Here are the most important of these regulators:
Regulatory Agency | Regulated Entity(ies) | Telephone/Website |
Federal Reserve Consumer Help P.O. Box 1200 Minneapolis, MN 55480 | Federally insured state-chartered bank members of the Federal Reserve System | (888) 851-1920 www.federalreserveconsumerhelp.gov |
Consumer Financial Protection Bureau (CFPB) P.O. Box 4503 Iowa City, IA 52244 | Insured depository institutions and credit unions (and their affiliates) with assets greater than $10 billion, and non-depository institutions such as mortgage originators, mortgage brokers and servicers, larger participants of other financial services products, private education loan providers, and payday lenders | (855) 411-2372 www.consumerfinance.gov |
Office of the Comptroller of the Currency (OCC) Customer Assistance Unit 1301 McKinney St., Suite 3450 Houston, TX 77010 | National banks and federally chartered savings banks/associations | (800) 613-6743 www.occ.treas.gov www.helpwithmybank.gov |
Federal Deposit Insurance Corporation (FDIC) Consumer Response Center 1100 Walnut St., Box #11 Kansas City, MO 64106 | Federally insured state-chartered banks that are not members of the Federal Reserve System | (877) ASK-FDIC or (877) 275-3342 www.fdic.gov www.fdic.gov/consumers |
National Credit Union Administration (NCUA) Consumer Assistance 1775 Duke St. Alexandria, VA 22314-3428 | Federally chartered credit unions | (800) 755-1030 www.ncua.gov www.mycreditunion.gov |
Federal Trade Commission (FTC) Consumer Response Center 600 Pennsylvania Ave. NW Washington, DC 20580 | Finance companies, retail stores, auto dealers, mortgage companies and other lenders, and credit bureaus | (877) FTC-HELP or (877) 382-4357 www.ftc.gov www.ftc.gov/bcp |
Farm Credit Administration Office of Congressional and Public Affairs 1501 Farm Credit Drive McLean, VA 22102-5090 | Agricultural lenders | (703) 883-4056 www.fca.gov |
Small Business Administration (SBA) Consumer Affairs 409 3rd St. SW Washington, DC 20416 | Small business lenders | (800) U-ASK-SBA or (800) 827-5722 www.sba.gov |
Each of these regulators oversees a different type of lender, and some lenders are covered by multiple federal agencies in addition to state regulators.

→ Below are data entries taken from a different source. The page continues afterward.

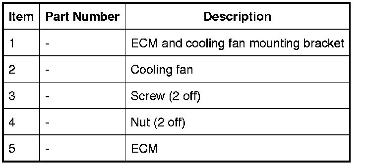 The ECM (engine control module) is installed in the passenger side protective box in the engine compartment, on a bracket attached to the engine bulkhead. The bracket also contains an electric cooling fan. The ECM (engine control module), which has an internal temperature sensor, controls the operation of the cooling fan. While the ignition is on, the cooling fan receives a power supply from the ECM (engine control module) relay in the EJB (engine junction box). When cooling is required, the ECM (engine control module) connects the cooling fan to ground.
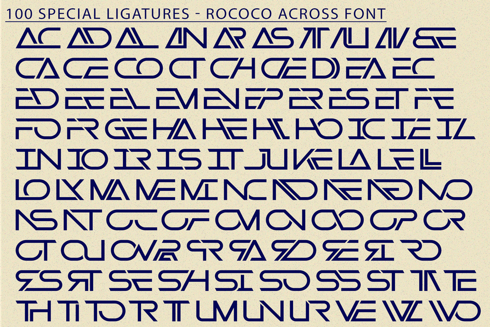 Rococo Across - Futuristic Font - A Futuristic Techno Display Font, a sleek futuristic display font that embodies innovation and modern aesthetics. With its geometric forms, sharp edges, and streamlined curves, this typeface conveys a sense of speed, technology, and digital sophistication. Perfectly suited for sci-fi posters, gaming titles, technology branding, digital interfaces, album covers, and modern advertising, Rococo Across delivers a bold visual identity that stands out with futuristic elegance.
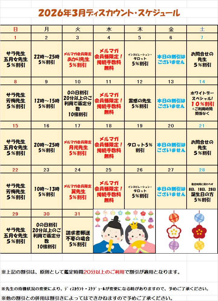 | お誕生日該当月に鑑定された方 | 500円 | 発生いたします。 |

Does Regulation Z apply to home equity loans?
Yes. Regulation Z is a federal law that standardizes how lenders convey the cost of borrowing to consumers. It also restricts certain lending practices and protects consumers from misleading lending practices. It applies to home mortgages, home equity lines of credit (HELOCs), reverse mortgages, credit cards, installment loans, and certain student loans.
How does a home equity loan work?
A home equity loan is a loan for a set amount of money, repaid over a set period of time that uses the equity that you have in your home as collateral for the loan. If you are unable to pay the loan back, then you may lose your home to foreclosure.
Are there state laws on home equity loans?
Yes—many, in fact. And they are constantly changing. If you think you’ve been mis-sold a home equity loan, you should first contact the Consumer Financial Protection Bureau (CFPB) or the U.S. Department of Housing and Urban Development (HUD).
The Bottom Line
There are many rules that affect home equity loans: federal regulations, state laws, and codes of conduct issued by industry organizations. Exactly which federal agency regulates a particular home equity loan depends on which organization issued the loan. Home equity loans can be issued by both banks and credit unions, and by several other financial institution types—and each is regulated by a different body.